Dan Baronet (danb@dyalog.com)

Cryptography and how to use it in Dyalog APL and .Net. This is only an introduction to the subject. The functions presented here are only to play with.

Cryptography deals with Encryption and Decryption. Encryption is the process of converting ordinary data (plaintext) into unreadable form (ciphertext). Decryption is the reverse. A cipher is a pair of algorithms to create the encryption and the decryption. The algorithms are controlled by a key or by a pair of keys. Ciphers without a key can be easily broken (knowing the cipher) so keys are very important. Ciphers can be used directly for encryption or decryption without additional procedures but it is a good idea to add authentication or integrity checks to make them more secure. Another category of algorithms, used for hashing, do not have a key. All these algorithms are the primitives of cryptography.

Symmetric-key algorithms

Symmetric-key cryptography refers to encryption methods in which both the sender and receiver share the same key. They come in several flavours, some with better security in one aspect or another than others. There are two main types: block ciphers and stream ciphers.

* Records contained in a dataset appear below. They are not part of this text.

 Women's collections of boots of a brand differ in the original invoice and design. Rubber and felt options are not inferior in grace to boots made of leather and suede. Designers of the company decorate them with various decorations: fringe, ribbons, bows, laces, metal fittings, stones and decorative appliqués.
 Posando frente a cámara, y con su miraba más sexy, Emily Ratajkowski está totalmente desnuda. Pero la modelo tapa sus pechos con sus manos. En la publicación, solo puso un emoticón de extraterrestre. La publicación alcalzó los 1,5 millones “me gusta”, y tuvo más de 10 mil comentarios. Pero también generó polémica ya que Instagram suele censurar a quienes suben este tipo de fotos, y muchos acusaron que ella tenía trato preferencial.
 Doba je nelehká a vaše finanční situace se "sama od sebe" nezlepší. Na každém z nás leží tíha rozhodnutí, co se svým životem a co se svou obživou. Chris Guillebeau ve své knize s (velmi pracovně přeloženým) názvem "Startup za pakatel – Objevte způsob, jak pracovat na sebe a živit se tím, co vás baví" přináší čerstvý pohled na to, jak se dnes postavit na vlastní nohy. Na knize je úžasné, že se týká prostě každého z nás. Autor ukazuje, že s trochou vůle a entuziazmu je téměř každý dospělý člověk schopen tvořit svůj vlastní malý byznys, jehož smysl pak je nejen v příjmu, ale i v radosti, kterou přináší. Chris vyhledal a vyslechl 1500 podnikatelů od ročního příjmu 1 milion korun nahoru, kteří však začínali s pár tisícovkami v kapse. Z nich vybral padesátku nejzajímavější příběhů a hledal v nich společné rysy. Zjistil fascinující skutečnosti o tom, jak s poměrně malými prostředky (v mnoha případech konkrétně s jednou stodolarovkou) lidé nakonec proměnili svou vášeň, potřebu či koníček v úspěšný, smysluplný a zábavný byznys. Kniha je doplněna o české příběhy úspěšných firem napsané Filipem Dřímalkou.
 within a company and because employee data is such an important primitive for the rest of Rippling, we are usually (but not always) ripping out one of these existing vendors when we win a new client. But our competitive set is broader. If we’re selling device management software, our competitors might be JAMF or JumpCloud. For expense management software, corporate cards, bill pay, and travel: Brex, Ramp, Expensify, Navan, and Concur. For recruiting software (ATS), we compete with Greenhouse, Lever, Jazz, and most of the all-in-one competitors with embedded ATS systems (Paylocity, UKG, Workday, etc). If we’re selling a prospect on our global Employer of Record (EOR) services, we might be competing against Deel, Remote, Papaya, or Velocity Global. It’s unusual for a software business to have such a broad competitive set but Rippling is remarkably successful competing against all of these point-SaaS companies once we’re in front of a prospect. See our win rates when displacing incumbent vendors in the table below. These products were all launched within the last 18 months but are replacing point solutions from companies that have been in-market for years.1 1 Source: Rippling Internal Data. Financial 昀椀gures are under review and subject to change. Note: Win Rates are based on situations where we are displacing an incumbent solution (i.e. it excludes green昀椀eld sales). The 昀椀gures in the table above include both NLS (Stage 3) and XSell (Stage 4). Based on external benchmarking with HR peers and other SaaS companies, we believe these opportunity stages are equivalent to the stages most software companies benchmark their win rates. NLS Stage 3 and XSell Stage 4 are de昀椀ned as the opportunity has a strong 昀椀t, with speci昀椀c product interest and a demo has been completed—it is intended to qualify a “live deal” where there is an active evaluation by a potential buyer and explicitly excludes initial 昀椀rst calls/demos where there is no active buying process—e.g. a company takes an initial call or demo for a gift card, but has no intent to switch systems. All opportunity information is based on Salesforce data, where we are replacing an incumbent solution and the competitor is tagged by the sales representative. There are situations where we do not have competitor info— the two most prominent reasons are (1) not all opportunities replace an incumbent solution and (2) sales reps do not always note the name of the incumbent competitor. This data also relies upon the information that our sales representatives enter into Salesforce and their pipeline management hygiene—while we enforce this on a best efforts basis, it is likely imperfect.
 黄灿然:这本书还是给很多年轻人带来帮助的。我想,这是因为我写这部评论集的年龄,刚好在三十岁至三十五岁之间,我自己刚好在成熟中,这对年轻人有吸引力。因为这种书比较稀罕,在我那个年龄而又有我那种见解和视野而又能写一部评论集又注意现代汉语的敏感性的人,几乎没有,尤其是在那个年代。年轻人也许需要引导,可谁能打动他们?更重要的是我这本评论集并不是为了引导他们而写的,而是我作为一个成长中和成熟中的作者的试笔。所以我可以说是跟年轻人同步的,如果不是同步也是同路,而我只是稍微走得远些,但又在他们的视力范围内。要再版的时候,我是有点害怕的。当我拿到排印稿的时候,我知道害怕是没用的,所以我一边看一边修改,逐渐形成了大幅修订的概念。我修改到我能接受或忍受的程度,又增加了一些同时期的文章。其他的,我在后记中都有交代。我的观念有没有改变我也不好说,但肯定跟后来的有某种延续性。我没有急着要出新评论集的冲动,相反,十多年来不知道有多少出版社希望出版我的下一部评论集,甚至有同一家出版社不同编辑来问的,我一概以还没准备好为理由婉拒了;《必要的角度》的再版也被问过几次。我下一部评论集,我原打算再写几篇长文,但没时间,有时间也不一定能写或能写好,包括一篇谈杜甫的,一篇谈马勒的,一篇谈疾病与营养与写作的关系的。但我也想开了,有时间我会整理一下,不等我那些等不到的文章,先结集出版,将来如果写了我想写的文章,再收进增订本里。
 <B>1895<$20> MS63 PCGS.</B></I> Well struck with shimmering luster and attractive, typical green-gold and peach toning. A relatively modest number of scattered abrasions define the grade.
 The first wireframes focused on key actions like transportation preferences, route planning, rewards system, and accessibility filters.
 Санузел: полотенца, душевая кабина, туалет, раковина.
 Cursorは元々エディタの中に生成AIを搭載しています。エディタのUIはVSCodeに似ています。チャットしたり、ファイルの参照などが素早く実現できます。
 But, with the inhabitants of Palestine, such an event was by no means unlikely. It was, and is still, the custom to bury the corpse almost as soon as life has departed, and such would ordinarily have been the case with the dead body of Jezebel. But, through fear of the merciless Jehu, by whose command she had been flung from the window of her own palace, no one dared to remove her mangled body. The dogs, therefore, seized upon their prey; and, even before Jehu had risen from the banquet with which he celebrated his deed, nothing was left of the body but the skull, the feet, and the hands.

Block ciphers work in sections (block) and include the Data Encryption Standard (DES) and the Advanced Encryption Standard (AES), designs which have been designated standards by some governments. Despite its deprecation, DES and the more secure triple-DES variant remain quite popular and are used across a wide range of applications. Many other such ciphers have been designed and released, with considerable variation in quality. Many have been cracked.

These block cipher algorithms can directly be used for the encryption and decryption of a data block without additional procedures. However, this is usually not advisable, because identical plaintext blocks encrypt into identical ciphertext blocks, out of which attackers might draw conclusions. To avoid this, these algorithms are used in operation modes, which is somewhat similar to the use of APL primitives in APL operators. Padding schemes can be used on the last block to allow the encryption of plaintexts not matching a multiple of the block size.

Other modes convert a block cipher into a stream cipher. These can continuously encrypt data on a byte or even a bit basis. It is common to all these modes to require (besides the key) an initialization vector (IV). This is a randomly chosen byte sequence in the length of a block.

Symmetric-key systems use the same key for encryption and decryption. A drawback of symmetric ciphers is the key management necessary to use them securely. Each distinct pair of communicating parties must, ideally, share a different key, and perhaps each ciphertext exchanged as well. The number of keys required increases as the square of the number of network members, which very quickly requires complex key management schemes to keep them all straight and secret. The difficulty of securely establishing a secret key between two communicating parties, when a secure channel doesn't already exist between them, also presents a chicken-and-egg problem. So, in practice, most uses have a short life cycle.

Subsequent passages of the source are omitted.